**Instructions for the task:** Output the line containing "Management Troubleshooters, LLC, provides" and each line after it through the end of the data, exactly as written, with pictures left out.

**Information:**
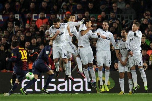 Barcelona’s Argentinian forward Lionel Messi (L) kicks the ball during the Spanish Cup semi-final second leg football match FC Barcelona vs Real Madrid CF at the Camp Nou stadium in Barcelona on February 26, 2013. Real won 3-0.
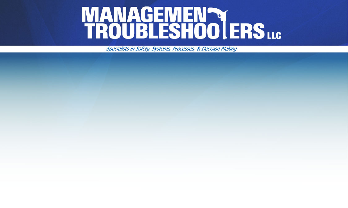 Management Troubleshooters, LLC, provides consulting services related to improving the capabilities of all sizes of organizations, both for-profit and not-for-profit. Our mission is to equip organizations in any industry to perform at their maximum capability, focused on safe, reliable, sustainable operations. |
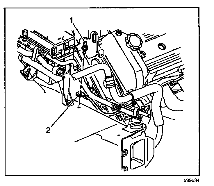 2. Remove the bolt (1) securing the engine ground cable (2) to the right side body frame rail.
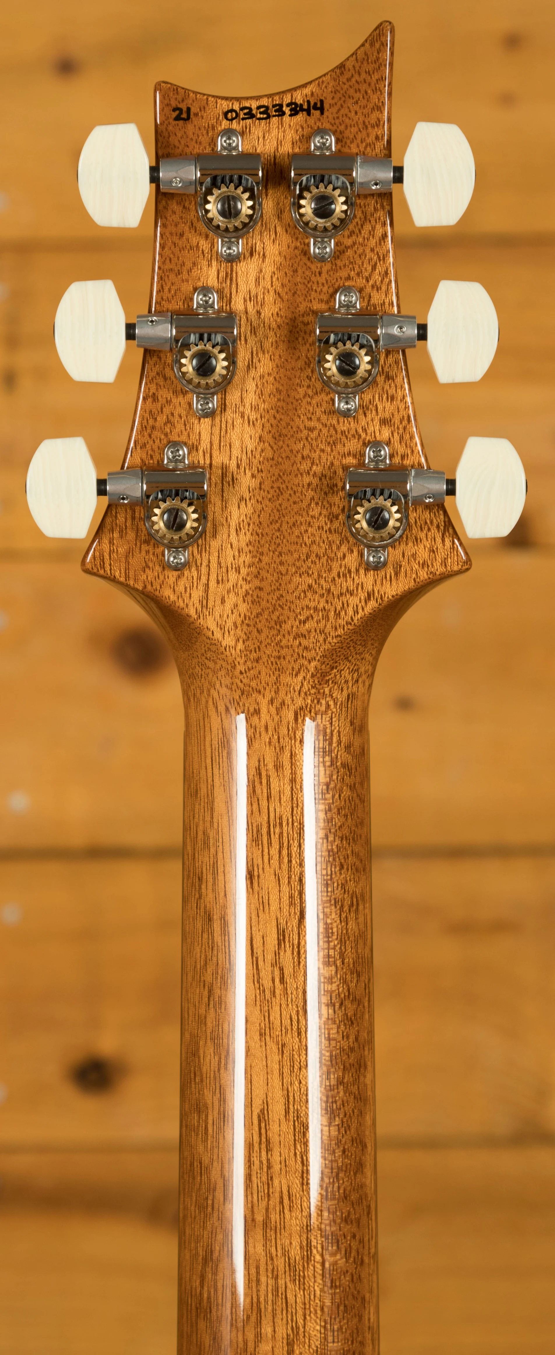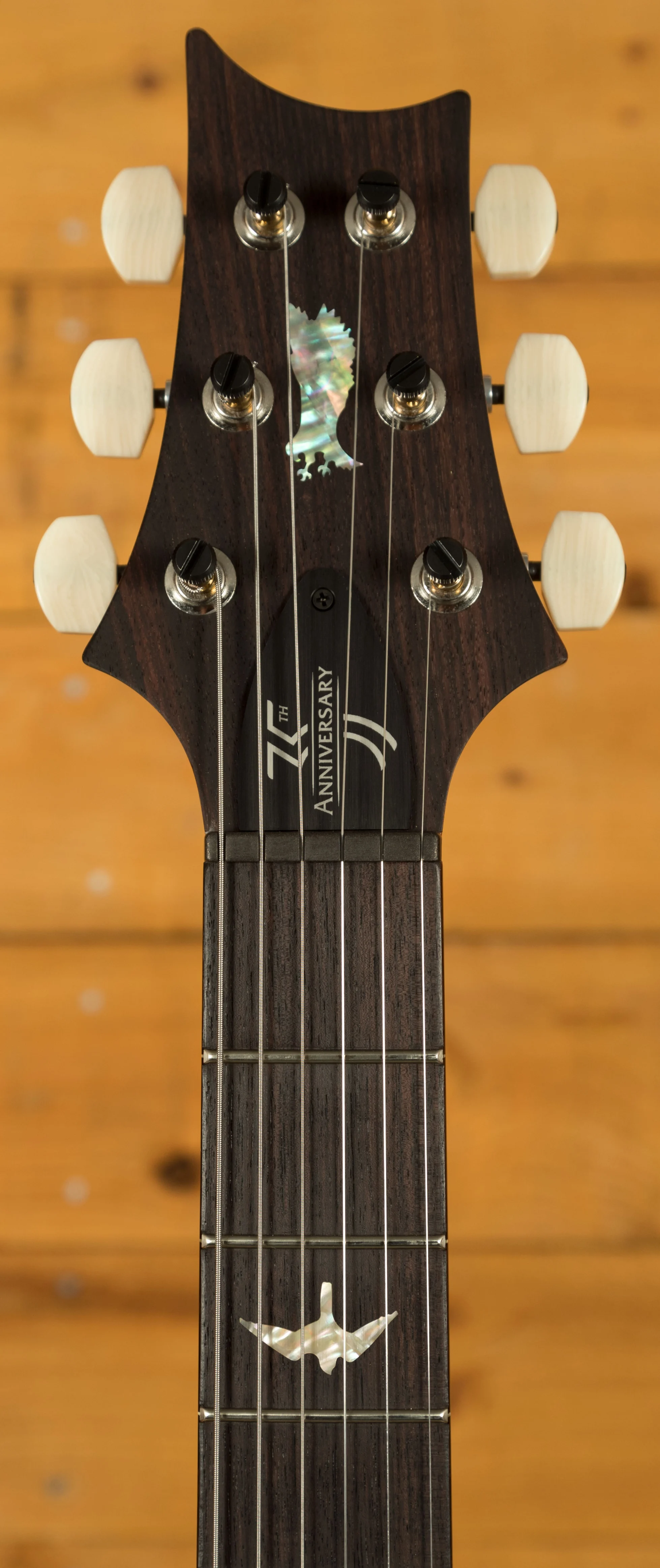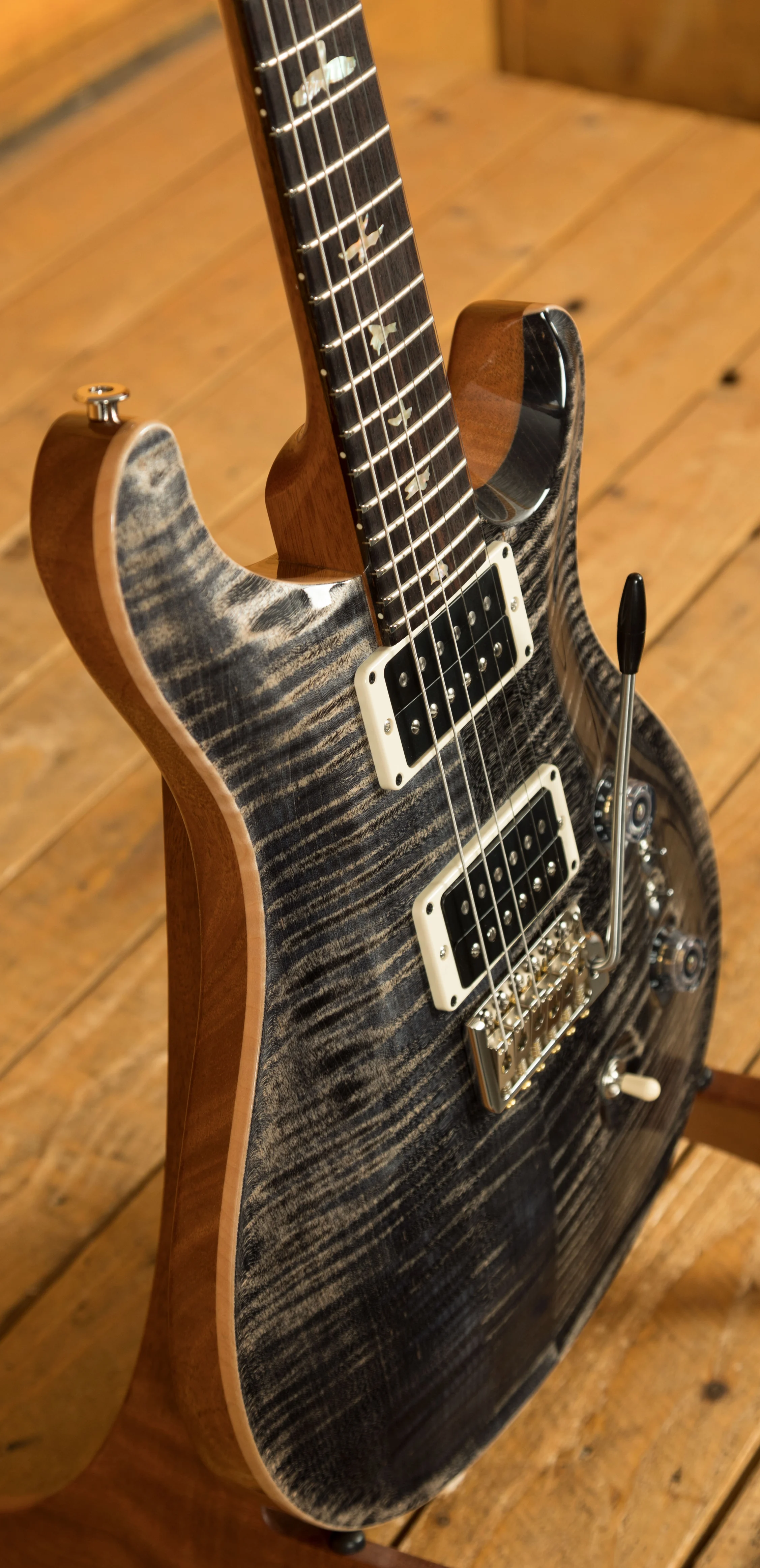 The Mahogany body with carved figured Maple top a offers a rich warmth and depth that complements the beautiful Charcoal finish. With a 25" scale length, Pattern Thin profile and of course, 24 frets, the Mahogany neck feels really comfortable and familiar. The iconic PRS birds sit proudly atop the Rosewood fingerboard for the definitive PRS experience.
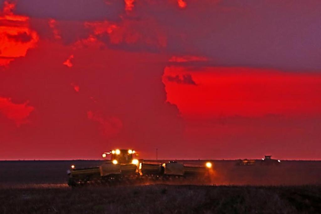 Final de tarde em Chapadão do Sul gera um céu avermelhado para emoldurar as plantadeiras na lavoura. (Foto: Albari Rosa/Gazeta do Povo)
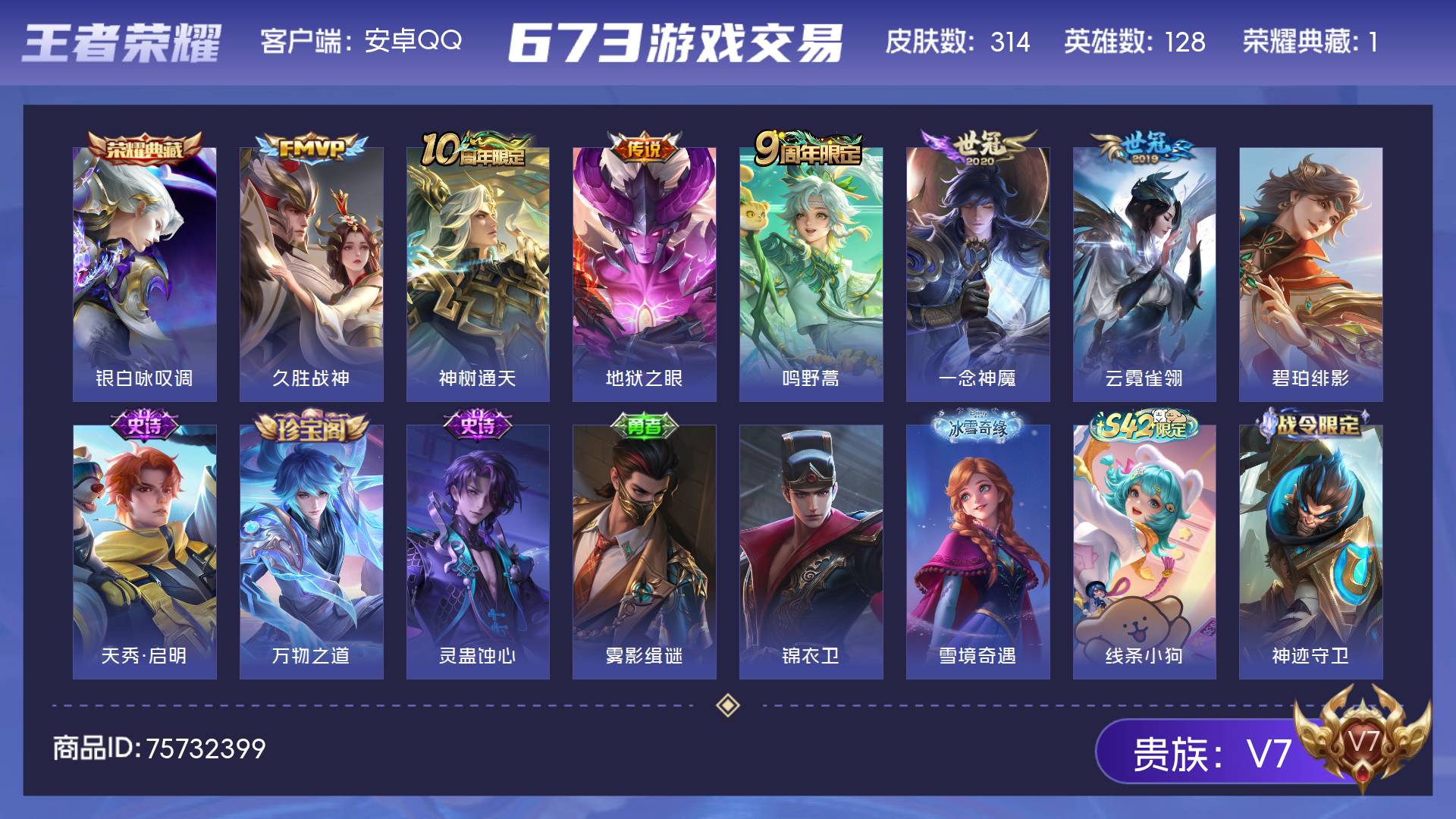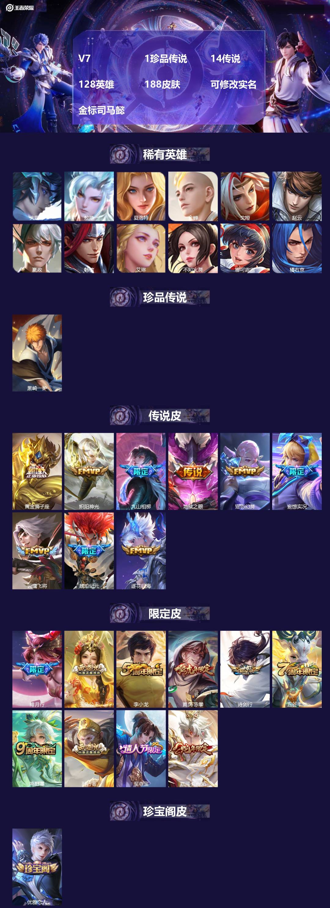 V7 皮肤314 英雄128 非凡王者 荣耀典藏1 星传说1 传说6 其他皮肤311

**Answer section:**
 Management Troubleshooters, LLC, provides consulting services related to improving the capabilities of all sizes of organizations, both for-profit and not-for-profit. Our mission is to equip organizations in any industry to perform at their maximum capability, focused on safe, reliable, sustainable operations. |
 2. Remove the bolt (1) securing the engine ground cable (2) to the right side body frame rail.
 The Mahogany body with carved figured Maple top a offers a rich warmth and depth that complements the beautiful Charcoal finish. With a 25" scale length, Pattern Thin profile and of course, 24 frets, the Mahogany neck feels really comfortable and familiar. The iconic PRS birds sit proudly atop the Rosewood fingerboard for the definitive PRS experience.
 Final de tarde em Chapadão do Sul gera um céu avermelhado para emoldurar as plantadeiras na lavoura. (Foto: Albari Rosa/Gazeta do Povo)
 V7 皮肤314 英雄128 非凡王者 荣耀典藏1 星传说1 传说6 其他皮肤311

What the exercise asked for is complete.